Once there were coyotes, cardinals
in the cedar. You could cure amnesia
with the trees of our back-forty. Once
I drowned in a monsoon of frogs—
Grandma said it was a good thing, a promise
for a good crop. Grandma’s perfect tomatoes.
Squash. She taught us to shuck corn, laughing,
never spoke about her childhood
or the faces in gingerbread tins
stacked in the closet.

She was covered in a quilt, the Creek way.
But I don’t know this kind of burial:
vanishing toads, thinning pecan groves,
peach trees choked by palms.
New neighbors tossing clipped grass
over our fence line, griping to the city
of our overgrown fields.

Grandma fell in love with a truck driver,
grew watermelons by the pond
on our Indian allotment,
took us fishing for dragonflies.
When the bulldozers came
with their documents from the city
and a truckload of pipelines,
her shotgun was already loaded.

Under the bent chestnut, the well
where Cosetta’s husband
hid his whiskey—buried beneath roots
her bundle of beads.

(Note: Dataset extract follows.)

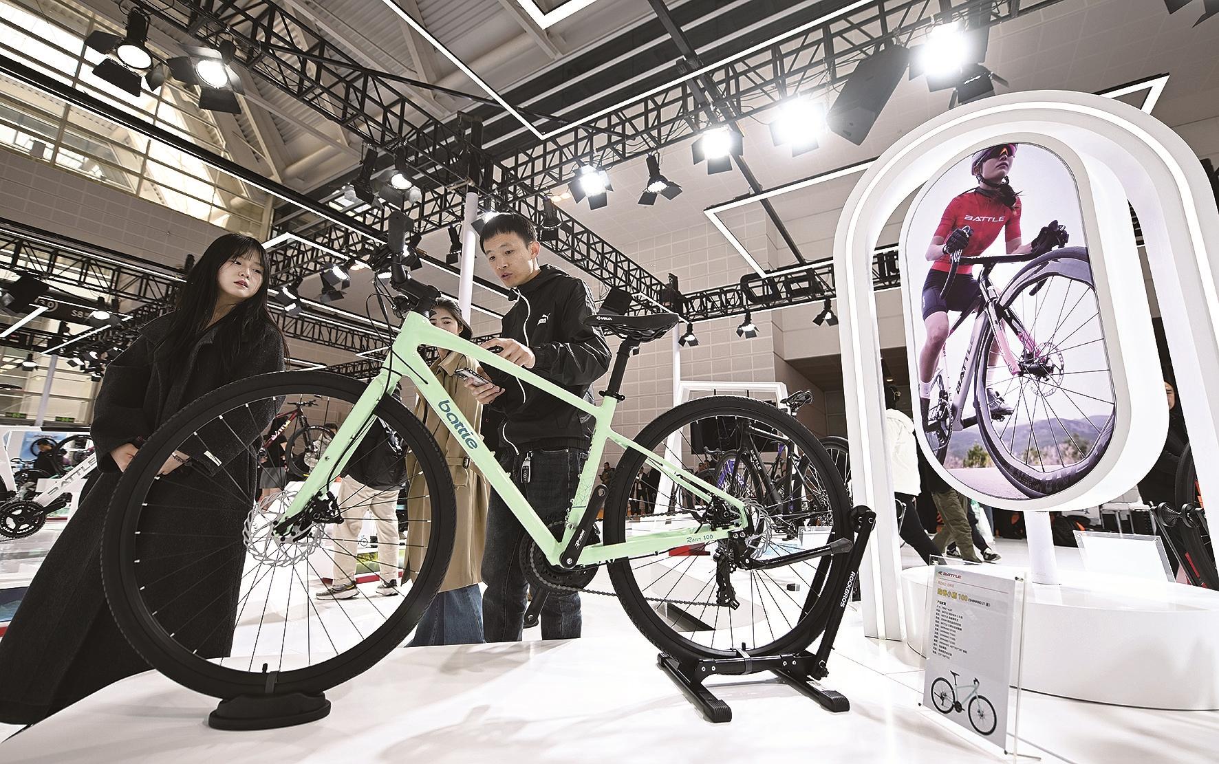 当日,第二十三届中国北方国际自行车电动车展览会在国家会展中心(天津)开幕。本届展会以“新质、绿色、时尚、安全”为主题,超过800家参展单位围绕行业科技创新、国际合作交流、骑行文化推广以及以旧换新政策带来一批行业新成果和新产品,总展出面积达10万平方米,展会将持续至3月30日。新华社记者 赵子硕 摄

They tell
the story of our family.
Cosetta’s land
flattened to a parking lot.

Grandma potted a cedar sapling
I could take on the road for luck.
She used the bark for heart lesions
doctors couldn’t explain.
To her they were maps, traces of home,
the Milky Way, where she’s going, she said.

After the funeral
I stowed her jewelry in the ground,
promised to return when the rivers rose.

On the grassy plain behind the house
one buffalo remains.

Along the highway’s gravel pits
sunflowers stand in dense rows.
Telephone poles crook into the layered sky.
A crow’s beak broken by a windmill’s blade.
It is then I understand my grandmother:
When they see open land
they only know to take it.

I understand how to walk among hay bales
looking for turtle shells.
How to sing over the groan of the county road
widening to four lanes.
I understand how to keep from looking up:
small planes trail overhead
as I kneel in the Johnson grass
combing away footprints.

Up here, parallel to the median
with a vista of mesas’ weavings,
the sky a belt of blue and white beadwork,
I see our hundred and sixty acres
stamped on God’s forsaken country,
a roof blown off a shed,
beams bent like matchsticks,
a drove of white cows
making their home
in a derailed train car.

Hoktvlwv’s Crow

There were still songbirds then
nesting in hackberry trees
and a butterfly named Question.

I remember ivy trembling
at the vanishing point of your throat.

Then the timelines crashed.
California split into an archipelago.
Orchards withered under blooms of ash.

Now there is no nectar. No rotten fruit.
The air is quiet.

                               Once, in Russia,
Ornithologists trapped
a population of hooded crows,
transported them 500 miles
westward. Winter came.
They never caught up with their flock.

With crusts of calcified algae
we catalogue each day lost:
hot thermals, cirrus vaults,
fistfuls of warblers hurtling into dark.

There was no sound to the forgetting.
We knew the heart would implode
before the breath and lungs collapsed.

That the world would end in snow,
an old woman walking alone,
empty birdcage strapped to her back.

Related Poems

Anthropocene Pastoral

In the beginning, the ending was beautiful.
Early spring everywhere, the trees furred
pink and white, lawns the sharp green
that meant new. The sky so blue it looked
manufactured. Robins. We’d heard
the cherry blossoms wouldn't blossom
this year, but what was one epic blooming
when even the desert was an explosion
of verbena? When bobcats slinked through
primroses. When coyotes slept deep in orange
poppies. One New Year’s Day we woke
to daffodils, wisteria, onion grass wafting
through the open windows. Near the end,
we were eyeletted. We were cottoned.
We were sundressed and barefoot. At least
it’s starting gentle, we said. An absurd comfort,
we knew, a placebo. But we were built like that.
Built to say at least. Built to reach for the heat
of skin on skin even when we were already hot,
built to love the purpling desert in the twilight,
built to marvel over the pink bursting dogwoods,
to hold tight to every pleasure even as we
rocked together toward the graying, even as
we held each other, warmth to warmth,
and said sorry, I'm sorry, I'm so sorry while petals
sifted softly to the ground all around us.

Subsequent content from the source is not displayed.